Ten brought a notebook into which she spilled her soul, every emotion she ever felt, the contents of which were read out loud by her older brother whilst she tried desperately to grab it back. Pages and pages that she then ripped out and stored at the bottom of a trunk, hoping that they’d never see the light of day again.

When she was twelve, she gave her mother a heartfelt poem written in shaky handwriting which then sat in pride of place for the rest of her life framed in the kitchen, so that it could be shown to every friend that came round. She blushed every time, told her mother she was embarrassing her, but she secretly loved it. She was especially proud of the small drawing in the corner.

Aged fourteen, for Christmas, a collection of DVDs that she spent the whole holiday watching, tucked up with her brother on the sofa. He perfected his signature hot chocolate which she used to beg him to make for her, she learned exactly when to pass him tissues when watching his favourite films.

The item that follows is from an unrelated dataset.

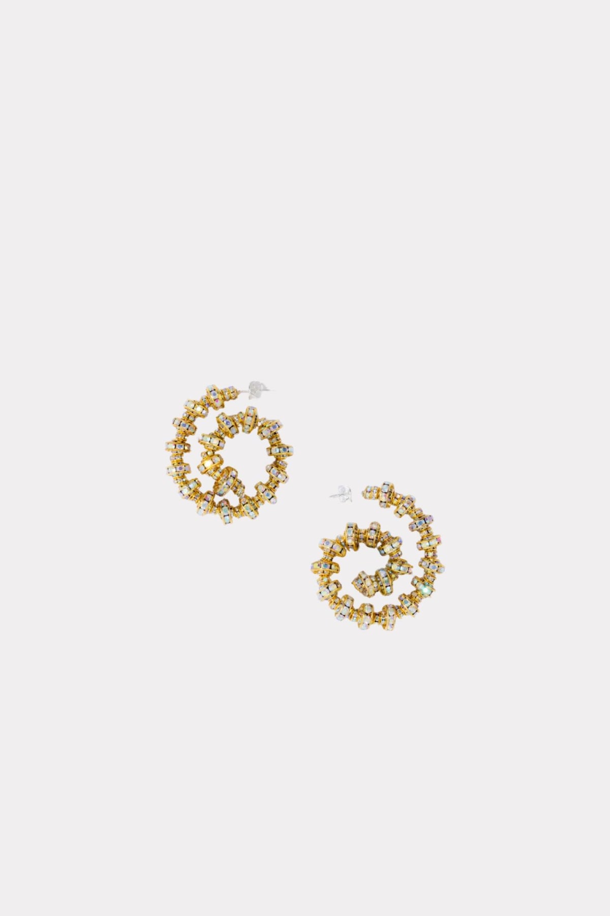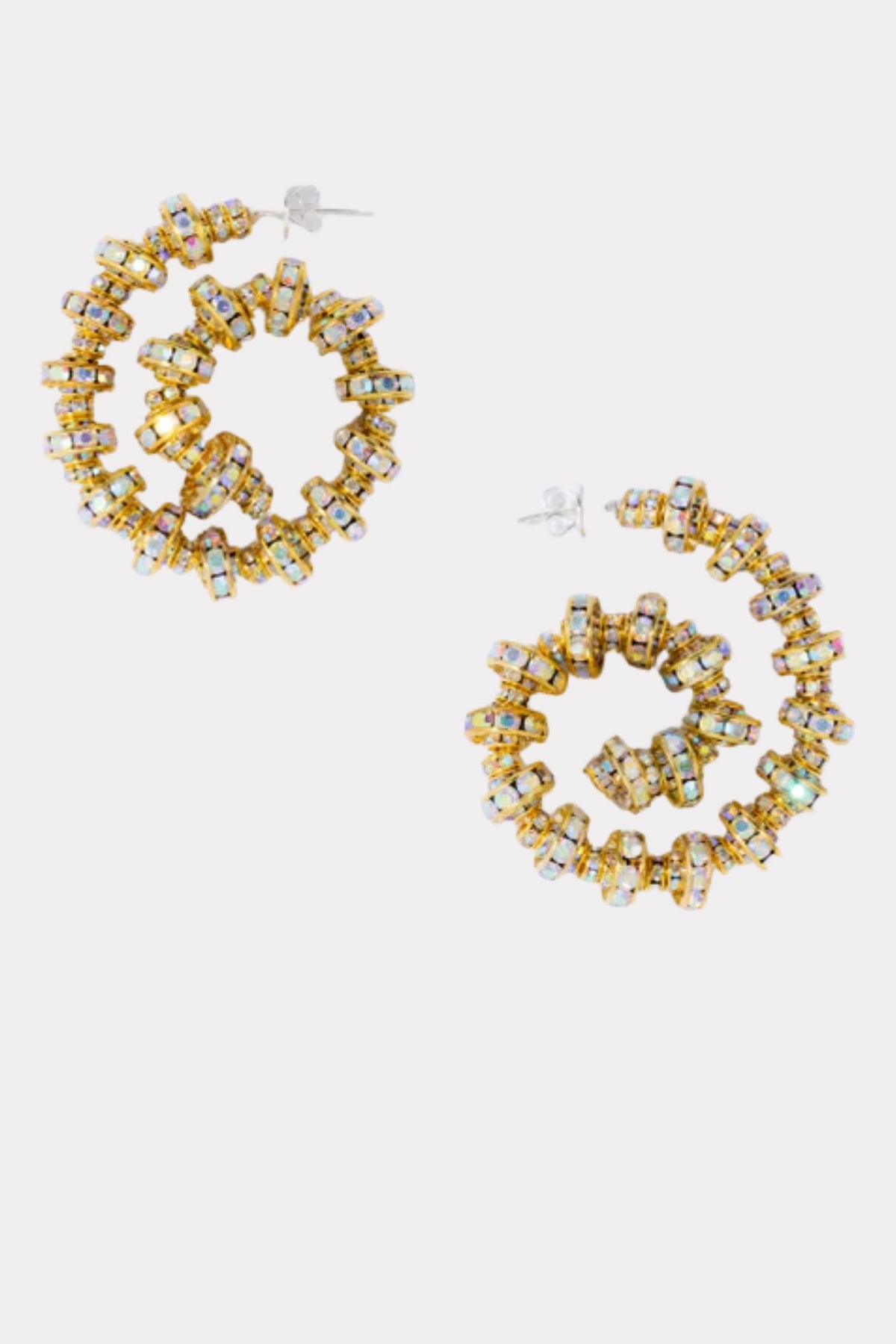 Spiral Hoops fra Pearl Octopuss.y er unike øreringer med en oversized spiralform, dekorert med krystallbelagte rondelleperler. Et elegant og iøynefallende tilskudd til smykkesamlingen.

The year of her sixteenth, she got a beautiful silver locket and gave her brother a hand-knitted jumper to take with him to university. In the locket she put a picture of her best friends, wore it around her neck always, and smiled when she got a photograph from her brother of him shivering in his dorm room, the jumper pulled up to his nose. When the chain snapped, caught on a zip as she pulled off a shirt at the end of a long day, she cried and kept the locket safely in her bedside cabinet until her father went with her to buy a new one.

The car that she and her parents bought together when she was eighteen was her pride and joy, bright yellow and tiny, a means of freedom that she’d never felt before. It moved with her to university some months later, changing from trips to the cinema to trips home, filled haphazardly with cushions and books. She’d never forget the jolting sensation the first time she crashed it, bumping over a pothole and into a hedge by the side of a winding country road. (Her brother never let her forget it either; He never crashed his car.)

At twenty she cried her heart out to a friend, bemoaning both her stupidness and her boyfriend’s, as she sipped from a chipped mug given to her for Christmas by her best friend some years before. The mug had been damaged when the boyfriend had done the breaking up, dropped on the counter in shock, but was still perfectly functional for holding the best cup of tea ever.

The keys she was given to her first flat at twenty-two fit perfectly in her hands, and never left her pocket, the comforting click of the lock making her feel safe in the space that was filled with her, her books and her films and her photos. Filled with notebooks bursting with stories and drawers stuffed with pens.

When she was twenty-four she gave her newborn niece the softest of teddy bears.